PAX West Interview With Developer Billy Basso
I wrote most of TheGamer’s guides for Animal Well earlier this year, and despite not enjoying platformers or Metroidvanias, I was enamored. The mysteries continued to pile up, each area was creepier than the last, and I was unable to put the game down. So when Bigmode reached out with a chance to chat at PAX West with developer Billy Basso, I couldn’t resist picking the mind of the man behind the game that upturned what I thought I knew about my preferences.
With so many people – myself and our Editor-in-Chief Stacey Henley included – heralding the Ostrich boss as the moment when it clicked for us what the game was going to be, I asked Basso about the big bully of a bird. He told me that the Ostrich was one of the first bosses he came up with, and that the final level he designed was the second meeting with the Ostrich after challenging you to realize you can switch the direction of the lift in that section of the game. Basso refers to this as one of the more challenging casual puzzles, laughing, “In a way, it’s kind of like my version of the Water Temple from Zelda, you’ve got to really have the whole level in your mind.”

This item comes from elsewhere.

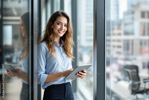 businesswoman, tablet, office, smiling, confident, professional, modern, success, technology, window, workplace, urban, corporate, female, entrepreneur, casual attire, leadership, city landscape, startup, attractive, manager, digital, communication, elegant, stylish, lifestyle, sharpened, indoor, light, contemporary, planning, vision, future, connection, productivity, career, smart, business, happy, executive, workspace, innovation, casual clothes, expression, men at work, ambition, ai, generative, illustration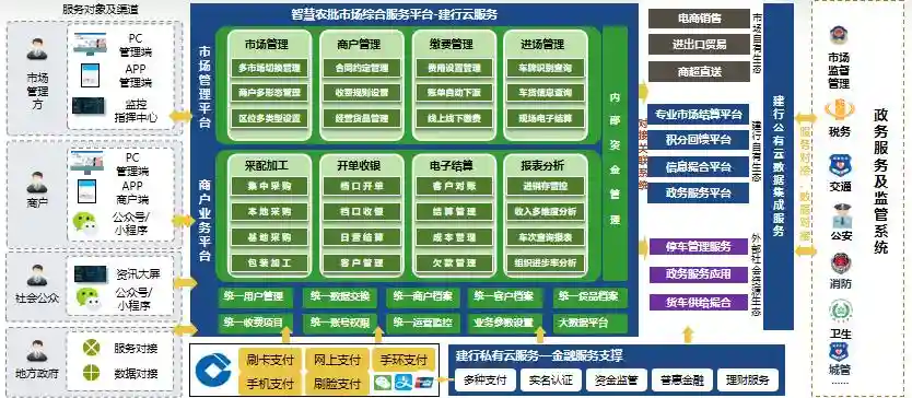 水果批发市场作为流通的主渠道与主平台,不单单是建设一个交易区就算是完事了,还需要辅以更多的配套功能,如电子结算化、大数据中心、仓储加工、冷链配送、装卸服务、果品检测检疫、进出口贸易结算、代理报检报关、保理、保险、短期融资等各项服务,让商户们真正实现负责“买与卖”功能,其它有平台统一解决,着力开拓市场与做好服务。

I told him how effective the creature had been at conveying the precise vibe of the game in a single encounter, and Basso knew he had to do something to make it clear the game isn’t just another pixel platformer. “Animal Well is the kind of game that doesn’t really communicate very well why it’s special,” he says. “It’s a game about secrets and holding back information, and I think that’s what makes it interesting to play, but it’s hard to market a game like that – I can’t just show the best parts.”
Despite the game having launched more than four months ago, it still consumed about half of Bigmode’s booth on the show floor at PAX West. It had even more real estate during PAX East in March, where so many fans got to go hands-on with the demo for the first time. Bigmode is a publisher created by YouTuber Dunkey, and fans were surprised to see such a dark game coming from a studio formed by someone known for his comedy.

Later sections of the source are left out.